Suppose that a boardwalk is parallel to and $210 ft$ in land from a straight shoreline where beach lies between the boardwalk and the shoreline. If a man is standing on the boardwalk, exactly $750ft$ across the sand from his beach umbrella, which is right at the shoreline, and he walks $4 ft/s$ on the boardwalk and $2ft$ on the sand. How far should he walk on the boardwalk before veering off onto the sand if he wishes to reach his umbrella in exactly $4 min 45 s$?

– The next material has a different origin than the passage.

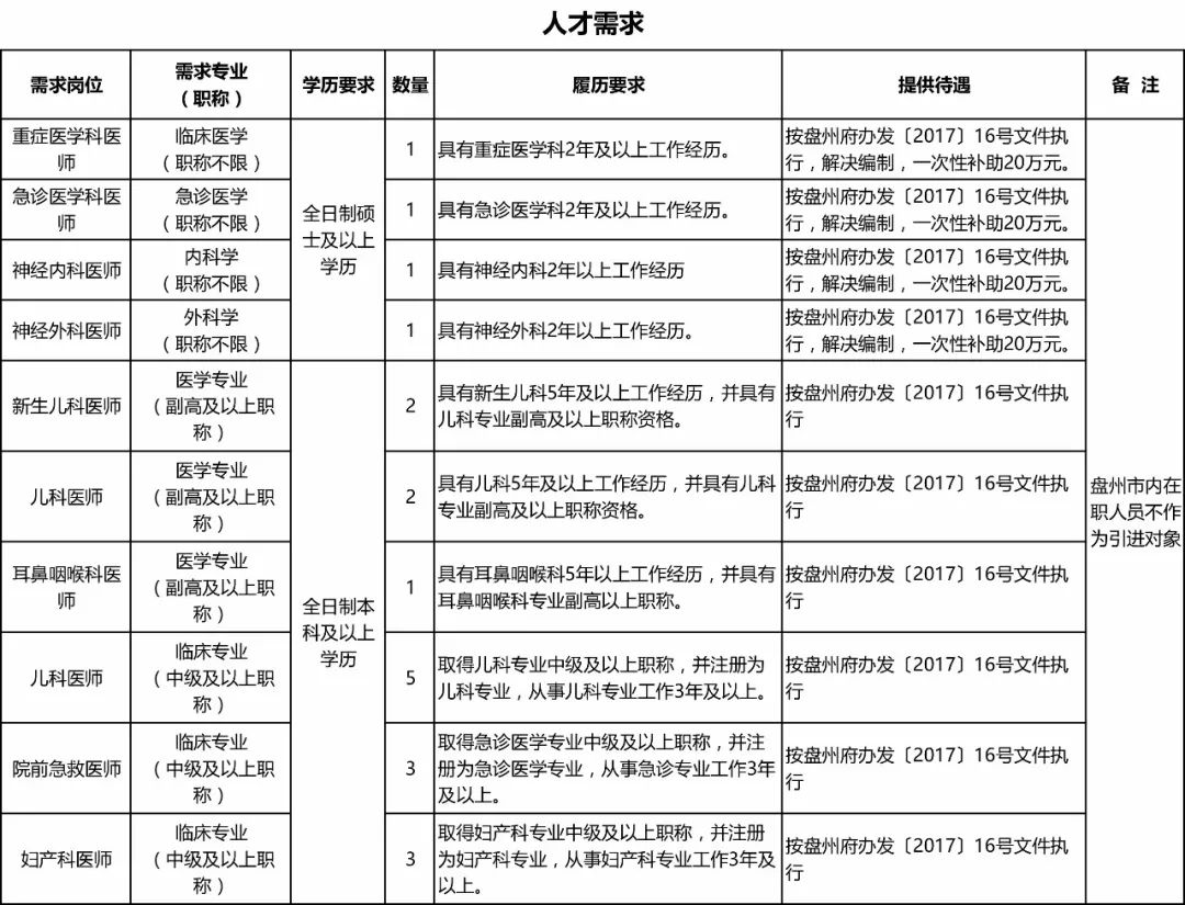 关于印发《盘州市卫生专业技术人才引进工作实施方案》的通知

If we let $b$ be the distance up to the point directly below the umbrella, then by Pythagorean Theorem,


$\begin{equation} \begin{aligned} 750^2 =& b^2 + 210^2 \\ \\ b^2 =& 750^2 - 210^2 \\ \\ b =& 720 ft \end{aligned} \end{equation}$


If we let $720 - x$ be the distance that the man will take on boardwalk, then by Pythagorean Theorem on the right side,








$\begin{equation} \begin{aligned} z^2 =& 210^2 + x^2 \\ \\ z =& \sqrt{x^2 + 210^2} ft \end{aligned} \end{equation}$


Now, the total of travel is the sum of the time it takes a man to travel in boardwalk and the time it takes a man to walk in sand. Thus,


$\begin{equation} \begin{aligned} t_T =& t_1 + t_2 && \text{Model, recall that } t = \frac{d}{v} \\ \\ 4 min \left( \frac{60 s}{1 min} \right) + 45 s =& \frac{720 - x}{4} + \frac{\sqrt{x^2 + 210^2}}{2} && \\ \\ 285 =& \frac{720 - x}{4} + \frac{\sqrt{x^2 + 210^2}}{2} && \text{Multiply both sides by } 4 \\ \\ 1140 =& 720 - x + 2 \sqrt{x^2 + 210^2} && \text{Add $x$ and subtract $720m$ both sides of the equation} \\ \\ x - 420 =& 2 \sqrt{x^2 + 210^2} && \text{Square both sides} \\ \\ (x - 420)^2 =& 4(x^2 + 210^2) && \text{Expand} \\ \\ x^2 - 840x + 420^2 =& 4x^2 + 4(210^2) && \text{Combine like terms} \\ \\ 3x^2 + 840x =& 0 && \text{Factor out } 3x \\ \\ 3x(x + 280) =& 0 && \text{Zero Product Property} \\ \\ x =& 0 \text{ and } x + 280 = 0 && \text{Solve for } x \\ \\ x =& 0 \text{ and } x = -280 && \end{aligned} \end{equation}$


Thus, if we substitute $x$ with the distance required, then


$\begin{equation} \begin{aligned} d_1 =& 720 - x = 720 - 0 = 720ft \\ \\ d_2 =& 720 - (-280) = 1000 ft \text{ (absurd)} \end{aligned} \end{equation}$


It shows that in order for the man to reach his umbrella by $4 min$ and $45 sec$, he must take the boardwalk distance of $720ft$ then take a $210 ft$ length by sand.